Blessed with varied interests and an artistic and musical upbringing, Janet had health challenges throughout her young adult life. Despite these she graduated Cum Laude from Wellesley College with an award of distinction for acting, and had also been a champion equestrian. She began a family with her husband Barry later in life, and had finally found happiness with daughter Sophie-Marie (3/12/06) and then baby (Jack 8/30/08). Five weeks after his birth, the family escaped a wildfire in which all worldly possessions were lost. The family relocated in December of 2008 to Agua Dulce CA where they currently reside.

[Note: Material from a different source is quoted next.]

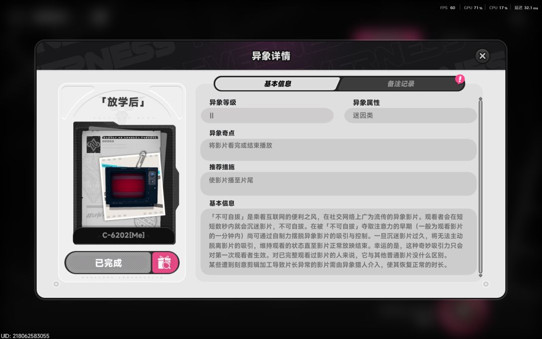 卡带效果: 史诗[2]:暗属性异能伤害提升10%。 传说[4]:无视敌人12%暗属性异能抗性。当装备者参与触发「黯星」或「浊燃」反应之后则提升至无视敌人24%暗属性异能抗性,持续20秒。 获取途径: 开启材料自选箱 兔子洞

Jack began to have unsettling symptoms at the age of 3; he was taken to Children's Hospital Los Angeles and was diagnosed with DIPG, or diffuse intrinsic pontine glioma, on Friday Oct. 28, 2011, indisputably the darkest experience of Janet's life. The outrage of it made her determined to find the good in the situation, and she asked God to "Put me to work!" After Jack's death, she remained determined to start working to find solutions to DIPG and incorporated Jack's Angels at the end of 2012; the Foundation began its work in 2013. Despite the fact that DIPG is responsible for the majority of brain tumor deaths in children, she had been told there were no solutions for Jack because "the numbers aren't great enough for investors." This remains the primary motivation in her advocacy work, to prioritize children's lives in our medical system in the United States.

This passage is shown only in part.